Out of curiosity I built a distribution of file sizes in my blobs/ directory:
  1k: 190668
  2k: 101621
  4k:  88516
  8k:  66608
 16k:  61292
 32k:  60998
 64k:  62332
128k:  77795
256k: 123921
512k:  53416
  1M: 219292
  2M: 1293863
  4M:   3335
  8M:  16809
 16M:    811
Which suggests that pieces can be as small as 1-2 kb and max size for my node is so far 20995328 bytes.

yep, so as we can see there are quite a number of smaller files also, rough count seems to be somewhere inbetween 40/60 and 50/50 split, so what might happen is that, if your see a big increase in 1K,2K,4K files over a short period, it may allocated a full write buffer for each in memory and your other caches.

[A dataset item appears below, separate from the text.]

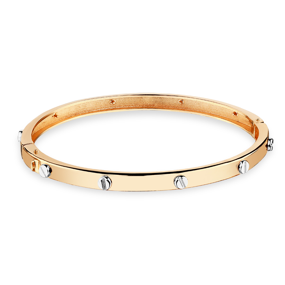 Стильный жёсткий браслет актуального ювелирного дизайна из красного и белого золота 585 пробы станет базовым аксессуаром для любого современного образа. Благородный блеск золота внесет нотку роскоши и элегантности в привычный образ владелицы. Приобретайте ювелирное украшение в подарок по выгодной цене в магазинах Мир Золота.

this is also the same reason why i limited my zfs recordsizes down to 256K, because running the higher allocation would cause my RAM and Caches to dump their data when prepping for incoming data.
so if i get 100 files in a second, it might prep for that to continue and drop 500x256K in RAM to be able to store the 5 Sec worth my Write Cache can hold.

granted that may not seem like a lot or a big issue, but i got tons of caches and it’s really annoying to see it throw out 4-8 GiB if i basically just touch the server, which was what i started seeing a lot when running 1M and 512K

so tho i would certainly advocate for increasing the number… i’m not convinced a 4MiB size might be the right choice… seems to me that it would be more beneficial around maybe 1MiB - 2.3 MiB at most… especially if it allocates the memory, which it very well might…

else i doubt it would ever run out of memory for this, and remember 256k is double as fast… so 512 is x4 and x8 for 1M, so what you are doing is essentially maybe multiplying your memory usage by 32x
for a benefit of maybe 4x speed… because past 1MiB the returns become greatly diminished.

hell you might see 95% of the same performance with 512KiB as compared with 4MiB at most likely 1/8th the memory cost.

so tho i would advocate to turn the number up if you need to and maybe even for most SNO’s…
then i would certainly be very careful about jumping the default setting by a factor of x32

it just makes any sort of problem you may run into in the future x32 times worse.

IMHO
and ofc i’m not your local witch doctor, financial advisor or psychic
just an interested builder of things.